Reduces a single word to its stem using the Porter stemming algorithm.
token
string
required
Single word token to stem (ASCII text)
return
string
Stemmed form of the input token
import { porterStemAscii } from 'bun_nltk';

const stem1 = porterStemAscii("running");
// Returns: "run"

const stem2 = porterStemAscii("flies");
// Returns: "fli"

const stem3 = porterStemAscii("generalization");
// Returns: "gener"

const stem4 = porterStemAscii("connection");
// Returns: "connect"
The Porter stemmer is a rule-based algorithm that removes common morphological suffixes.

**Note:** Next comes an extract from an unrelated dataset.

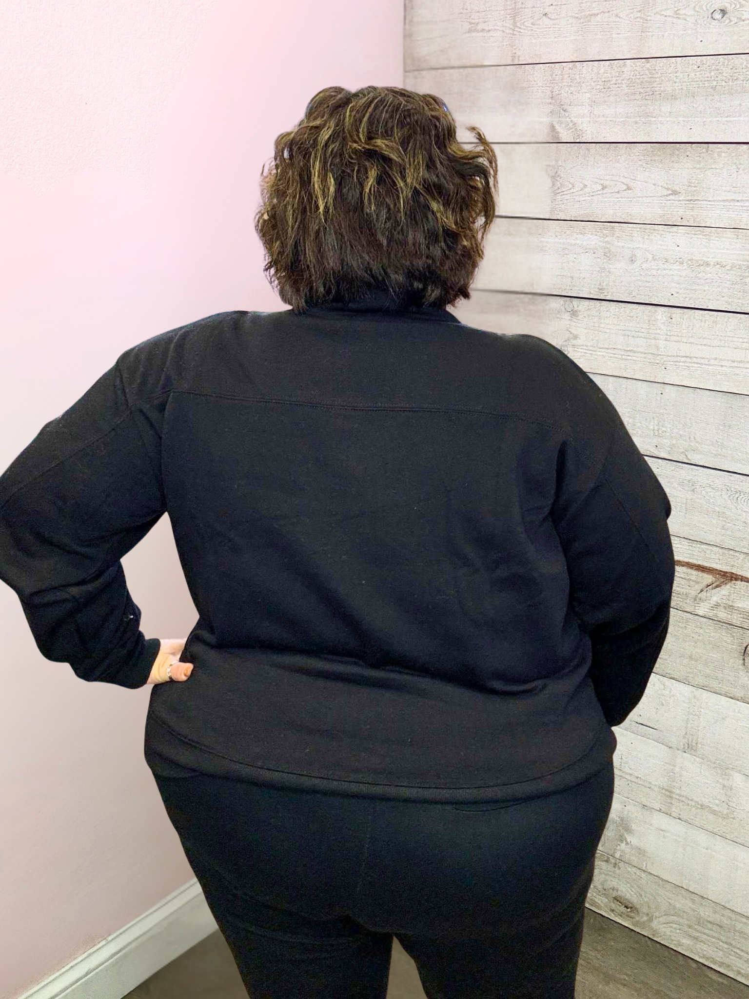 Solid fleece-lined top featuring a collared half zip neckline, long sleeves, and a straight hemline.

It’s fast but may produce non-word stems.

porterStemAsciiTokens

Applies Porter stemming to an array of tokens.
tokens
string[]
required
Array of word tokens to stem
return
string[]
Array of stemmed tokens in the same order
import { porterStemAsciiTokens } from 'bun_nltk';

const tokens = ["running", "flies", "happily", "connected"];
const stems = porterStemAsciiTokens(tokens);
// Returns: ["run", "fli", "happili", "connect"]

Common Use Cases

Document preprocessing for search:
import { tokenizeAsciiNative, porterStemAsciiTokens } from 'bun_nltk';

const document = "The runners were running quickly through the connected pathways";
const tokens = tokenizeAsciiNative(document);
const stems = porterStemAsciiTokens(tokens);
// Process stems for indexing
Feature extraction for classification:
import { normalizeTokensAsciiNative, porterStemAsciiTokens } from 'bun_nltk';

const text = "Machine learning algorithms are learning from data";
const normalized = normalizeTokensAsciiNative(text);
const stemmed = porterStemAsciiTokens(normalized);
// Returns: ["machin", "learn", "algorithm", "learn", "data"]
// Note: "learning" appears twice with same stem "learn"
Porter stemming is aggressive and may produce stems that aren’t valid English words. For applications requiring valid words, consider using lemmatization instead.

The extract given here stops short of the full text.